INFORMATION SHOWN:

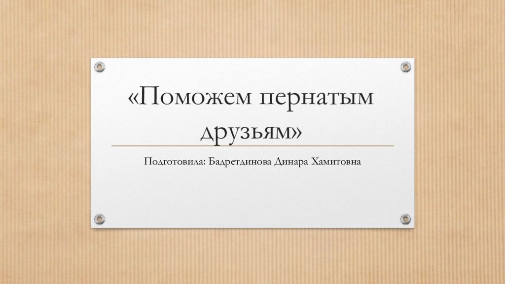 Подготовила: Бадретдинова Динара Хамитовна «Поможем пернатым друзьям»
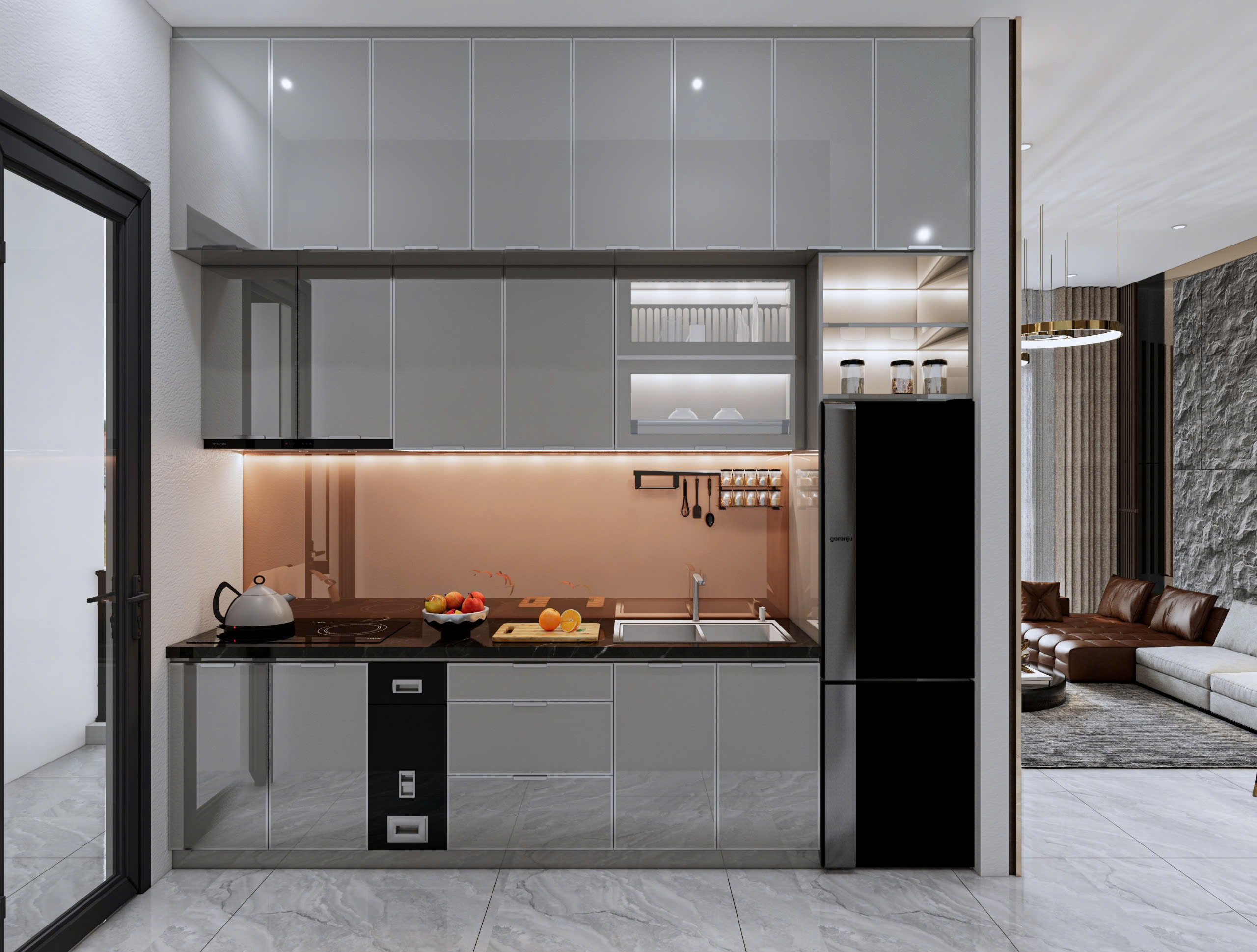 I. Những điểm nổi bật của mẫu tủ bếp chữ I – Khung nhôm, cánh kính cường lực tone xám nhạt
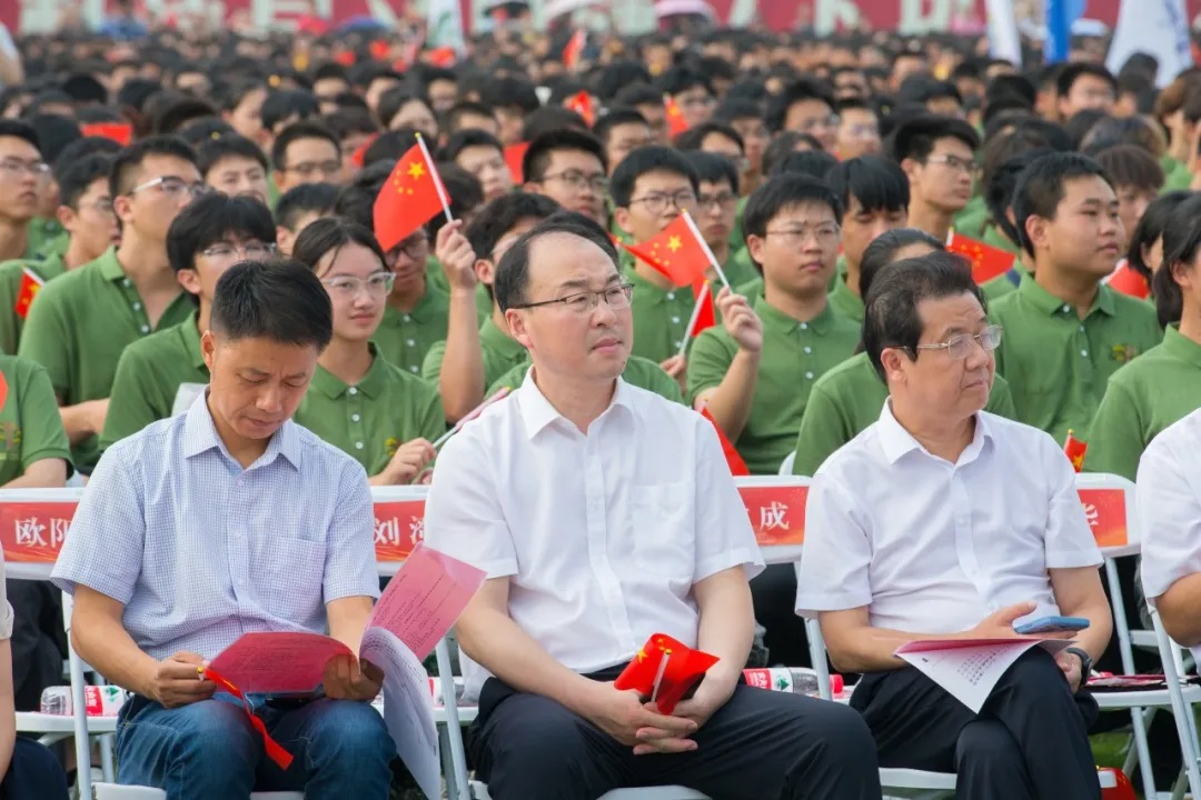 东南大学党委书记左惟,中国科学院院士、东南大学校长黄如等校领导和中国科学院、中国工程院院士代表等出席开学典礼。王继兵校长作为东南大学未来领军人才培养战略合作中学校长代表,与全国各地其他受邀校长代表一起共同见证东南大学13540名本硕博新生开启大学校园新生活。
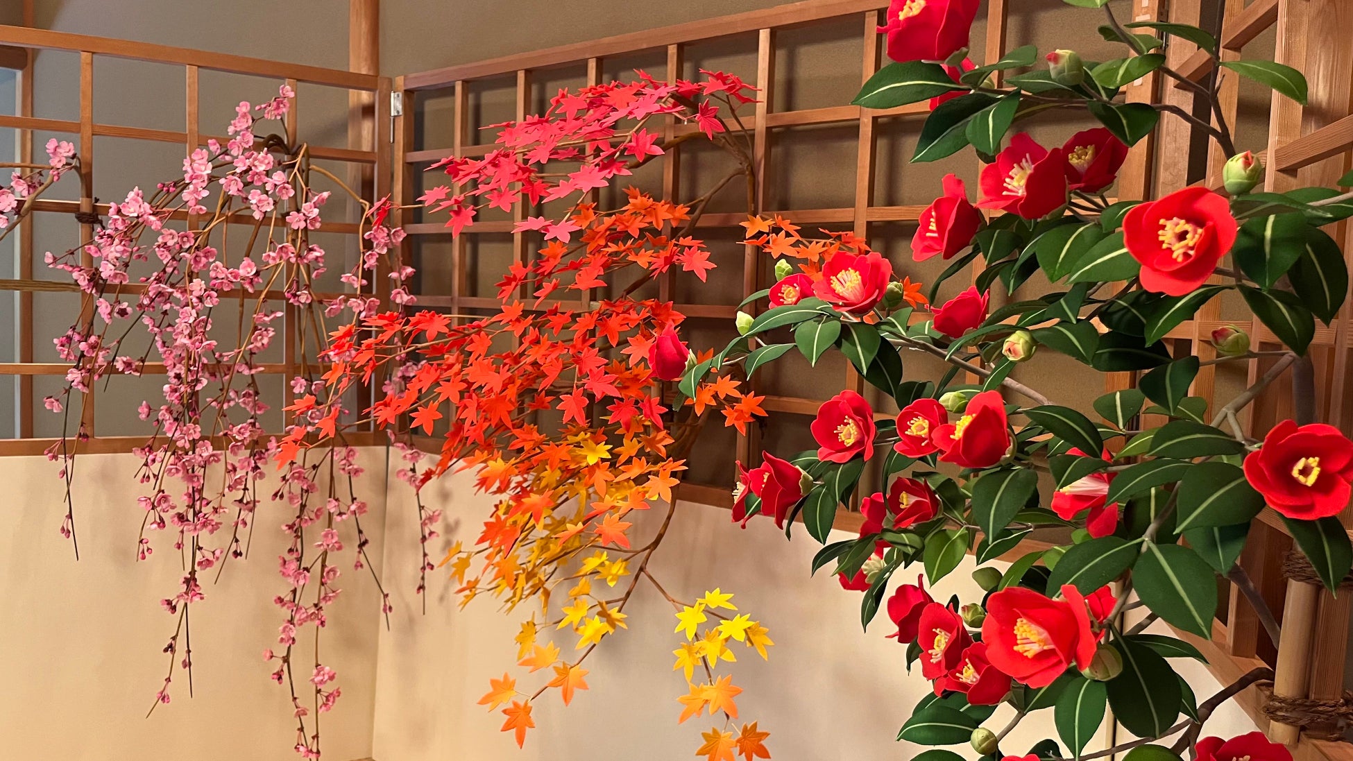 鶴屋吉信の京菓子職人が京都の四季をテーマに、「春・夏・秋・冬」をあらわす植物を和菓子の素材でつくりあげました、迫力あふれる工芸菓子となっています。この規模の展示を眼の前でご覧いただける貴重な機会となっておりますので、ぜひ鶴屋吉信本店2階・お休み処へお越しくださいませ。

WORK INSTRUCTION:
Keeping pictures out, repeat exactly the lines from the one containing "I. Những điểm" through the end of the listing.

YOUR SOLUTION:
 I. Những điểm nổi bật của mẫu tủ bếp chữ I – Khung nhôm, cánh kính cường lực tone xám nhạt
 东南大学党委书记左惟,中国科学院院士、东南大学校长黄如等校领导和中国科学院、中国工程院院士代表等出席开学典礼。王继兵校长作为东南大学未来领军人才培养战略合作中学校长代表,与全国各地其他受邀校长代表一起共同见证东南大学13540名本硕博新生开启大学校园新生活。
 鶴屋吉信の京菓子職人が京都の四季をテーマに、「春・夏・秋・冬」をあらわす植物を和菓子の素材でつくりあげました、迫力あふれる工芸菓子となっています。この規模の展示を眼の前でご覧いただける貴重な機会となっておりますので、ぜひ鶴屋吉信本店2階・お休み処へお越しくださいませ。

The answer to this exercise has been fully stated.